Will the McMansion ever die?
The McMansion with a giant SUV parked in the driveway were pretty much the epitome of middle class excess during the housing bubble. Then gas prices spiked, the crash came, and both houses and cars shrank a bit as Americans turned thrifty.
But old habits die hard. While consumers aren’t buying nearly as many houses or autos as they were before the recession, those who are seem to be back in the mindset that bigger is better.
As Catherine Rampell reported yesterday for the New York Times, the median new, single-family home sold in 2012 was 2,306 square feet — a new record, according to the Census bureau.
Meanwhile, 41 percent of those new houses had four bedrooms or more — also a new high. This, despite the fact that the average home buyer lives in a household with less than 3 people.
And how about those gas guzzlers? They’re on the rebound too. More than 51 percent of new autos sold today are light trucks, a category which includes SUVs. That’s right where we were in the Spring of 2007, though below the all-time peak of around 6 percent.
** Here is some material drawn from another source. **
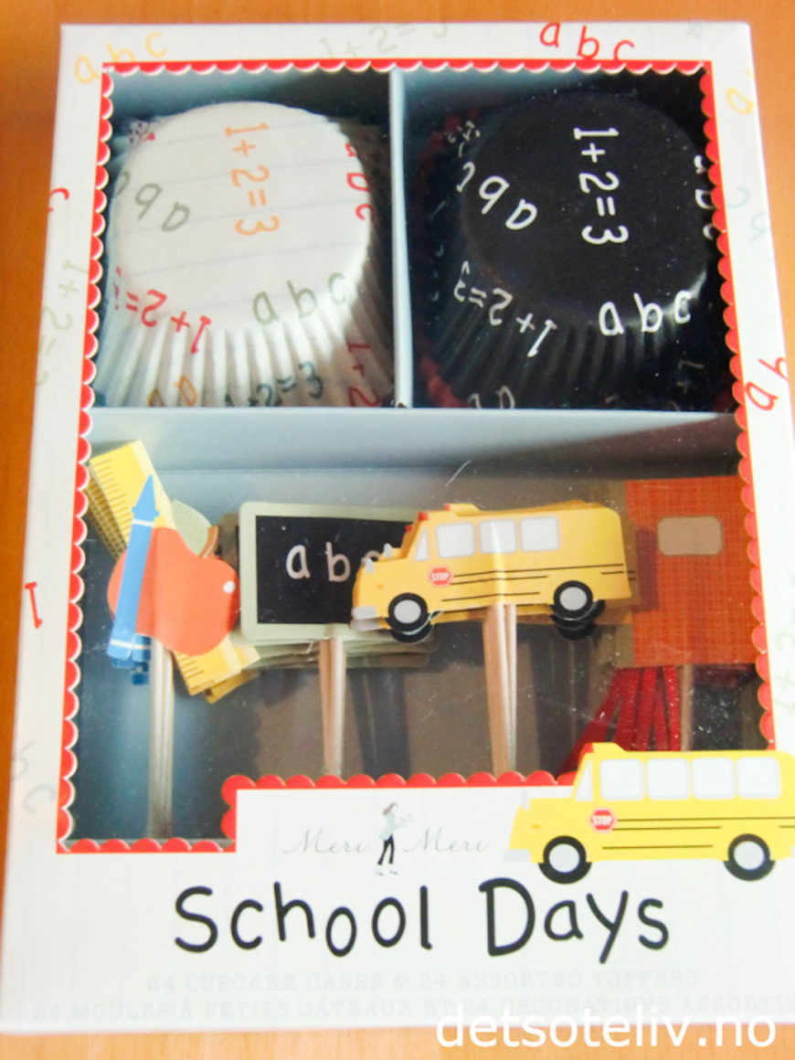 Den andre pakken med cupcakesformer passer godt til skolebarn. Her står det ABC på cupcakeformene og pyntepinnene illustrerer tavle, skolebok, penal og skolebuss.
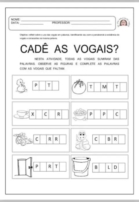 Olá pessoal! Completar as palavras com as vogais. Trabalha o som de cada vogal.

Now some caveats. The light truck category also includes increasingly popular crossover vehicles, which share some of the space and styling of SUVs, but are more fuel efficient. So the big cars being bought today aren’t quite the same as the big cars that were being bought yesterday. Meanwhile, mortgage credit is hard to come by, and perhaps as a result, the average new home buyer is a bit richer than before the crash, according to the NAHB’s data. That might partly explain our growing abodes, since wealthier families tend to buy larger homes. And as recession-scarred Millennials start entering the home market, there’s a chance they’ll start opting for smaller houses, as some real estate experts believe they will.
But sometimes it just feels like we never learn.